Many Bible scholars believe this Commander of the Lord's forces is actually the Son of God making one of His several pre-Bethlehem appearances in Old Testament times. No angel would have accepted worship, and Joshua calls him "my Lord." And Joshua falls on the ground, facedown. This is a guy who was very competent, very successful, very skilled. He'd never surrendered to anybody. But this day he surrenders. That's going to turn out to be the secret of winning. From this moment of total surrender, of total powerlessness before the Lord, comes God's unusual plan for conquering Jericho. But before there could be the conquest of Jericho, there had to be the conquest of Joshua.
And before there can be the conquest of the Jericho that looms before you right now, there's got to be the conquest of you. God allows things into our life that will bring us to the end of ourselves where all your experience, our wisdom, our connections, our persuasion are useless in getting an answer. Maybe God's brought you to this moment of total helplessness, not so you would give up, but so you would give over the controls to Him unconditionally. There is no condition God can do more with than our admission of powerlessness. Now you're out of the way finally, and now you can see what God can do!

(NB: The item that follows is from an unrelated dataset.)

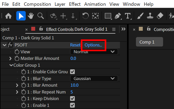 Click [Options] in the Effect Control Panel and then click [License setting] in the [Options] dialog.

And as you stand facing the walls of your Jericho that you can't possibly conquer, it's time for your unconditional surrender to your Lord. Admit your powerlessness. Don't be afraid to be broken. Often it's the breaking of a man that is the making of a man. Let God shine His holy light on the dark corners of you that you've never let Him touch.
And tear up that contract you want God to sign; the one with all the ways you've wanted things to be. Give Him a blank piece of paper, pre-signed by you to do whatever He writes on it. You're at the end of your power, but you're at the beginning of His. Surrendering is the way to winning, and powerlessness is the most powerful position in the world.